2012黒海西側を行く19 モルドバとルーマニアを結ぶ列車にもれなくついてくる、マニア向けアトラクション

 
モルドバのキシナウ駅を出発したブカレスト行き国際列車は、3時間ほどでルーマニア国境に近いウンゲニ(Ungheni)駅に到着する。


Ungheni station 01.gif





列車はこの駅で2時間弱停車する。国境だからとか出国審査があるからとか、理由はそれだけじゃない。ここウンゲニ駅では、線路の幅が違うモルドバとルーマニアを列車が通過するために、乗客を乗せたまま列車の台車を交換するという、マニア以外には特にうれしくもないイベントが敢行されるのだ。

どうしてそんな面倒なことをするのかというと、モルドバは1940年(あるいは1944年)から1981年までは崩壊前のソ連の一部だったのに対し、ルーマニアはたびたびソ連に侵攻され戦後ソ連の圧力により共産化されたが、一応独立国だった。一応独立国どころか、モルドバ全域やウクライナの一部を領土としたこともあるのだが、第2次大戦後はおおよそ今の国土を維持している。

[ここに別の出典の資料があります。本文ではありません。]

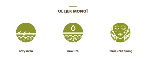 Olejek Monoï jest znany ze swoich właściwości nawilżających, odżywczych i zmiękczających. Na Tahiti już od dawna używany jest jako naturalny kosmetyk – miejscowi chętnie wykorzystują go do pielęgnacji skóry i włosów. Zawiera on duże ilości kwasów o cennych właściwościach pielęgnacyjnych. Świetnie sprawdza się więc w kosmetykach przeznaczonych do każdego typu skóry, nawet dojrzałej i wrażliwej.

ルーマニアのゲージが標準軌の1435mmであるのに対し、モルドバのそれはソ連仕様の1524mm。一時は同国だったモルドバとルーマニアの鉄道の幅がなせ違うのかというと、同じ一等車に乗り合わせたイギリス人によると「ルーマニアから兵士などを乗せた列車がそのままソ連に入ってくるのを防ぐため」というのだが、まぁ、あの国ならやりそうなことだ。冷戦ばりばりの時代だっただもんなぁ。そういうわけで、ウンゲニ駅では交換用の台車が敷地にごろごろ転がっている。

Ungheni station 02.gif


そして、安くて便利なバスではなく、あえて列車を選択したマニアさんたちは、結構な荒技を見学することができる。客を乗せたままの客車をジャッキで無理矢理持ち上げ、その下の台車をがらがらがらと引っ張り出して交換するという、だんじり祭にも負けない勇壮な作業だ。

Ungheni station 03.gif

Ungheni station 04.gif

Ungheni station 05.gif

Ungheni station 06.gif





更にはここでモルドバの出国審査が行われる。もしここで、沿ドニエストル共和国の実質支配地から入国していて、モルドバの正式な入国印がない場合、ルールとしては出国ができない。出国審査官は「所持品に武器などはないか」等、本来なら入国時にやるべきじゃないかと思われる質問がいろいろ書かれた出国書類を差し出し記入させた上で、インタビューをする。1等車の乗客がほとんどいなかったため多少丁寧なだけかもしれないが、本来こういうことは入国時にするべきだろう、と思う。モルドバの入国は事実上スタンプチェックだけだった。まぁ貧しいモルドバの場合欧州最大の人身売買被害国という側面もあるので、出国審査は厳しい方がいいのかもしれないけれど。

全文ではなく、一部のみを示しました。